Lying in a hollow room, the musty smell of years gone by creeps over the pealing walls.  Dust, layered deep into the floor curls like a fires plume with each breath.  Ever inch of this place oozes a sense of death, except for the calm, rhythmic ticking of the old grandfather clock.

Muted, wooded thuds as it beats the drums to the gates of hell, or whatever this place might be.  Reaching upwards, the blood starts pounding in his head, incredible pain, almost overwhelming him.  Flickering vision, eyes as though they might burst from his head.  Desperately fighting the swelling sickness, he tries again to reach for the chair.

The rough, silken dusted surface tries to escape from his weak fingers, but he manages to hold on.  The whole room swimming as though is were a virtual reality booth.  Through the dust caked on his face he tastes dampness, instinctively recoiling - his hand returns a terrible shade of red.

Memories fuzzy, like a lost little fly, floating from flower to dinner to why.  An evening of laughter at a beautiful old theatre... was that tonight?  Or a millennia ago?  "Dong!"  His nonsensical thoughts interrupted by chimes, of the familiar friend in the corner of the room.  Nestled within stacks of yellowed papers.

He hauls his trembling frame on to the chair, surveying the bleak, desolate room.  Evidence lying in the carpeted mist, two footsteps in... dragging something heavy.  A terrified giggle escapes.  Involuntarily breaking the grandfather's rhythm, the hypnotic trace momentarily silent..

Then all of sudden, shimmering light floods the room, blinding his bleary eyes and with the bright dust cloud explosion.  Aghast, he looks at the shadow, a familiar shape outlining the door.  Him.  Again.  "Why?" A mumble was all he could muster.  "Why did you have to do this?"

The laughter was so familiar, so purely evil yet so much his own.  "You know why.  You were weak.  So much potential and you failed to seize it!"  The shadow approached his slumped body, barely able to remain on the chair.  The dark, leather jacket that he wore filled his lungs with a scent he knew so well.

It was futile, to fight against him.  It only made him stronger, a victory battle was what he truly craved.  Tracing the letters out in the thick dusty table in front of him, he looked at the shadow and caught his breath. "Go ahead." he sighed, heavy in his heart.

The shadow looked at him without emotion, without anger, pain or remorse.  Sensing something he had never noticed before, not ever having the need to care to look for it.  It had taken this weak, dirty figure in front of him, with the familiar face and familiar hands, reaching out to him now in his hour of need to realise.

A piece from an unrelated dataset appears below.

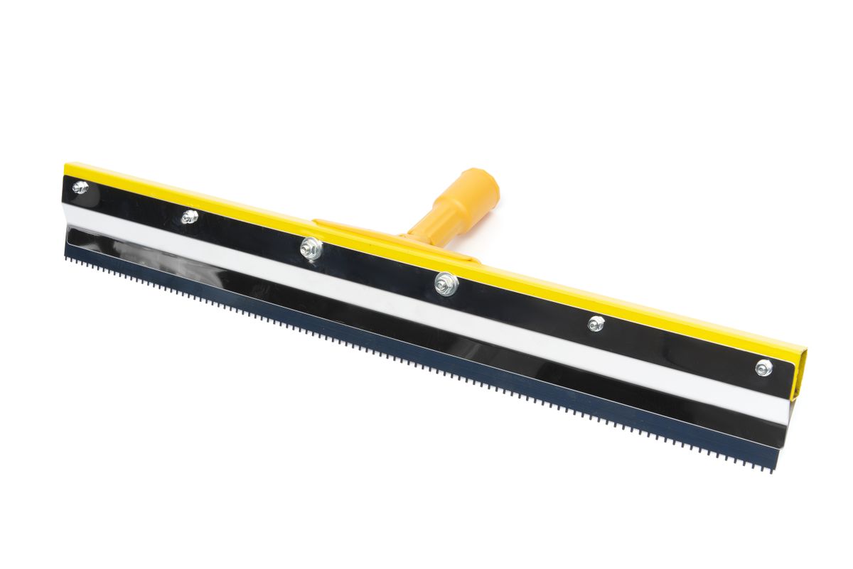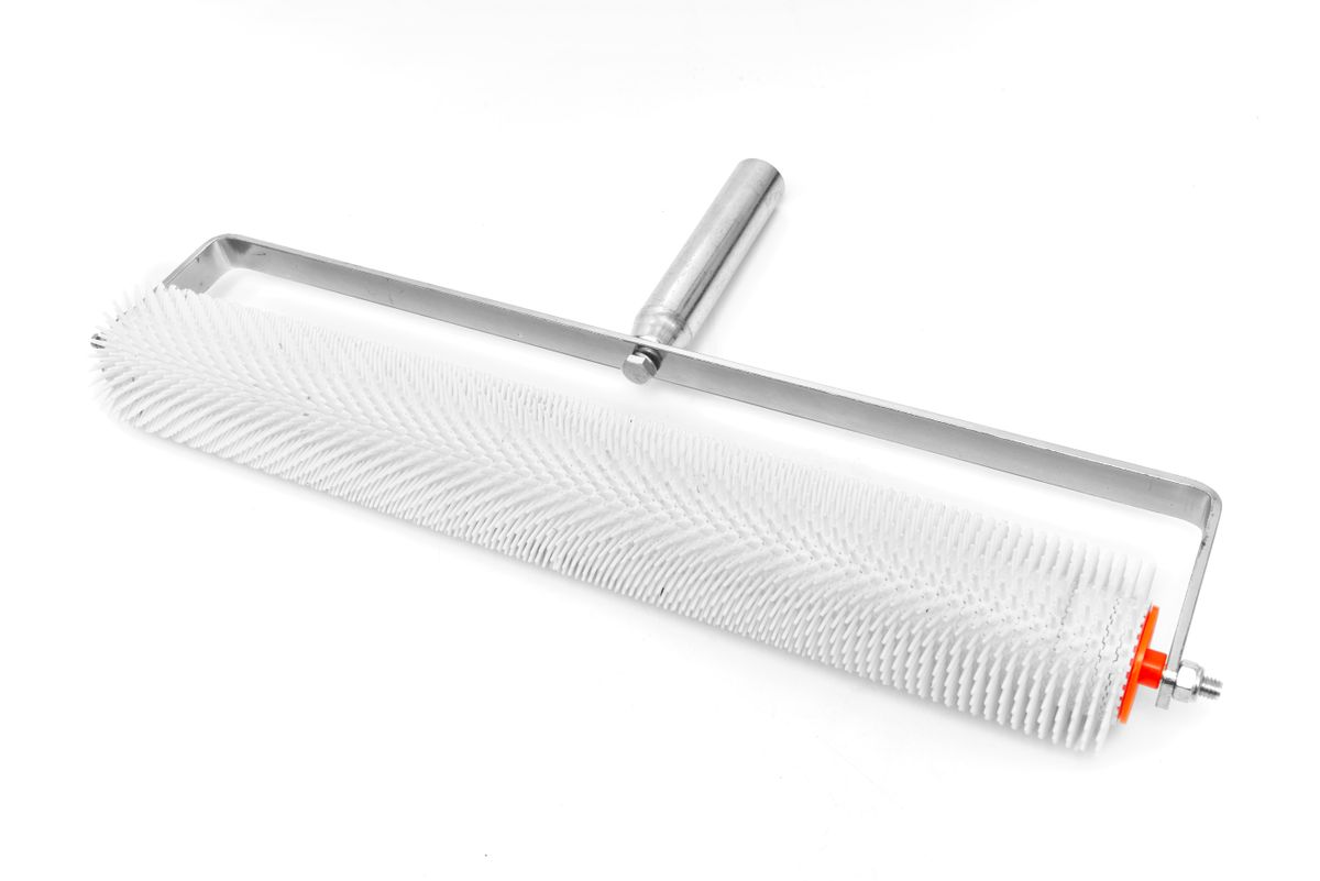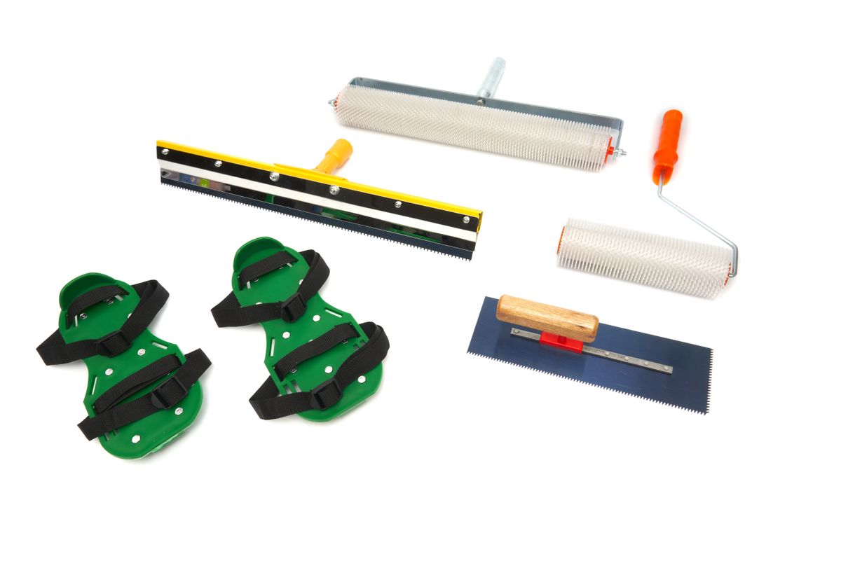 De HBM universele egaliseerset 5-delig is ideaal voor het verwerken van egaline en andere zelfnivellerende producten. Deze set bevat een grote prikroller van 500 mm en een kleine van 250 mm, beide met pinnen van 28 mm voor het efficiënt ontluchten van de vloer. De meegeleverde spike-schoenen (300 x 130 mm) zorgen voor veilig lopen op natte ondergronden. Met de egaliseerhark van 560 mm met 2 soorten harkvormen (3 x 4 mm en 5 x 4 mm) breng je eenvoudig een egale laag aan. Tot slot maakt de lijmschijf van 300 x 110 mm het aanbrengen van lijm moeiteloos.

The shadow slowly lowered his arms.  Scooping the battered body of the other in them and bracing to take the strain, chair breathing a sigh of relief.  Looking down, he relinquished as he carried out the poor soul, "I see you at last.  I see who you are.  We are one.  Connected.  The same... I'm... Sorry".

7 comments:

Stafford Ray said...

Much of the poetry we read is prose divided arbitrarily but this prose is poetry. Cryptic poetry at that. Leaves room to fit one's own story into the frame.

Jinksy said...

And make of that what you will...

Anonymous said...

creative write.

Anonymous said...

I signed in to follow your blog,
welcome following us back.

come join us for week 11 poetry potluck..
it is open Sunday 8pm, close at Wednesday 8am.

Helen said...

Your Magpie is fascinating ... I've read it twice now and will come back for more!

Doctor FTSE said...

Sometimes it helps to be told what's really happening. If this is part of something complete, well, that's O.K. As it stands it's borderline incomprehensible.

Carmela-J said...

=) Ok... so some of the story of inspiration for this one... perhaps not enough explanation judging by the comments! I'm in the process of reading "The Games People Play" by Eric Berne - well worth looking up if you haven't read it yourselves. The psychology of human interactions...

The poem is supposed to be the good side of one man (be it a split personality, or even just his adult voice) being attacked by the irrational side (a violent personality or the angry child voice). At the end the child voice / violent personality has a moment of realisation that in fact they are one, and he is destroying himself in this raging internal battle.

It's mean to be very much a psychological struggle against himself... and also slightly incomprehensible as he's only just realising it himself...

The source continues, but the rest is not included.